The purpose of the Rights Agreement is to reduce the risk that
the Companys ability to use its net operating losses to reduce
potential future federal income tax obligations would be limited
by reason of the Companys experiencing an ownership change, as
defined in Section 382 of the Internal Revenue Code.. A company
generally experiences an ownership change if the percentage of
its stock owned by its 5-percent shareholders, as defined in
Section 382 of the Tax Code, increases by more than 50 percentage
points over a rolling three-year period. The Rights Agreement is
designed to reduce the likelihood that the Company will
experience an ownership change under Section 382 of the Tax Code
by discouraging any person or group from becoming a 4.95%
shareholder and also discouraging any existing 4.95% (or more)

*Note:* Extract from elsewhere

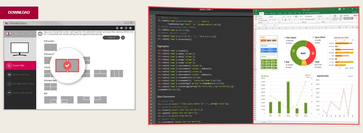 Software OnScreen Control přináší možnost měnit různá nastavení zobrazení pomocí několika kliknutí myši. Celou plochu displeje můžete také snadno rozdělit pomocí funkce Rozdělení obrazovky.
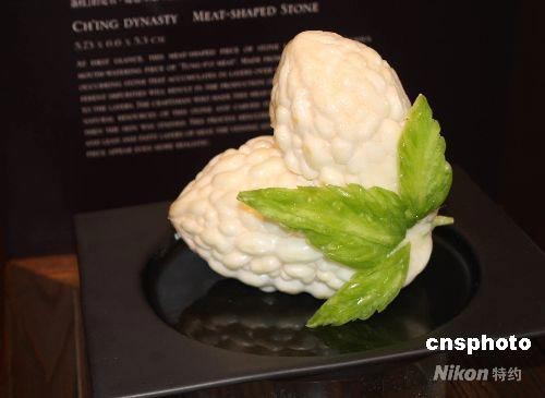 “白玉錦荔枝”原擺放在北京故宮乾清宮東暖閣,原件是仿雕苦瓜。主廚選用臺灣精致農(nóng)業(yè)的代表產(chǎn)品之一的“蘋果苦瓜”做食材,這種苦瓜外表白胖圓潤,其造型與故宮文物原件十分相似,拌以沙拉醬,味甘甜。中新社發(fā) 耿軍 攝

shareholder from acquiring additional shares of the Companys
stock.
The Rights will not be exercisable until the earlier to occur of
(i) a public announcement or filing that a person or group has,
become an Acquiring Person, which is defined as a person or group
of affiliated or associated persons or persons acting in concert
who, at any time after the date of the Rights Agreement, have
acquired, or obtained the right to acquire, beneficial ownership
of 4.95% or more of the Companys outstanding shares of Common
Stock; or a person or group currently owning 4.95% (or more) of
the Companys outstanding shares acquires additional shares of the
Companys stock; subject to certain exceptions or (ii) the
commencement of, or announcement of an intention to commence, a
tender offer or exchange offer the consummation of which would
result in any person becoming an Acquiring Person (the earlier of
such dates being called the Distribution Date).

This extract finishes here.